According to reports, The oil price has dropped by almost 5%, regardless of oil-producing nations approving to lengthen production cuts for a further nine months.
As in recent meeting in Vienna, energy ministers from both Opec and non-Opec countries settled to uphold output curbs, due to end next month, until March 2018.
Although investors had been expecting the oil producers would go longer.
Brent crude is $2.60 lower at $51.36 a barrel, while West Texas Intermediate is down $2.58 at $48.78 a barrel.
In the meantime Saudi Arabia’s energy minister, Khaled al-Falih, who co-chaired the meeting with his Russian counterpart Alexander Novak, said: “We considered various scenarios from six to nine to 12 months and we even considered options for higher cuts.
“All indications are solid that a nine-month extension is the optimum, and should bring us to within the five-year average of inventories by the end of the year.”
In last December all Opec countries and 11 other oil-producing nations, like Russia, first decided to trim down production in an effort to enhance waning prices.
The production cut was almost 1.8 million barrels per day, which was equal to about 2% of global oil production.
However markets didn’t responded positively to this agreement.

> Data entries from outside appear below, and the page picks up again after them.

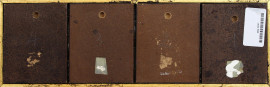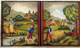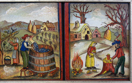 Lotto di quattro tavolette in legno raffiguranti le quattro stagioni, ingombro totale cm 13x41,5, XX secolo, entro un'unica cornice.
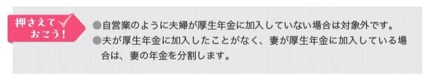 自営業のように夫婦が厚生年金に加入していない場合は対象外です。 夫が厚生年金に加入したことがなく、妻が厚生年金に加入している場合は、妻の年金を分割します。【出典】『増補改訂版 前向き離婚の教科書』著:森元みのり
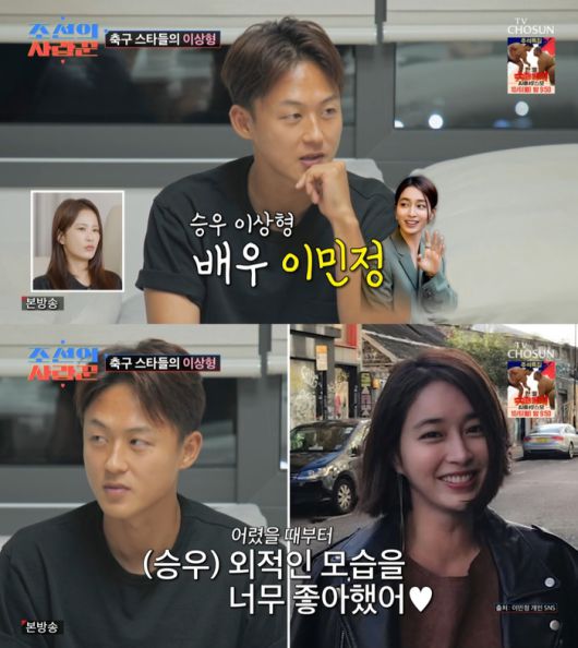 축구 선수 이승우가 배우 이민정을 이상형으로 꼽았다.

The price of crude oil has dropped instead of rising. As the Vienna pact was perhaps the least they expected, after reports of widespread support among the countries concerned for a nine-month extension.
In any case Opec and the other countries involved have a trouble with the American shale oil industry. As slashing oil production creates a chance in the market for shale producers and surging prices make them more profitable. They will be the definite beneficiaries of the Vienna deal, even if it does achieve something in the group’s goal of getting commercial stocks of crude oil down.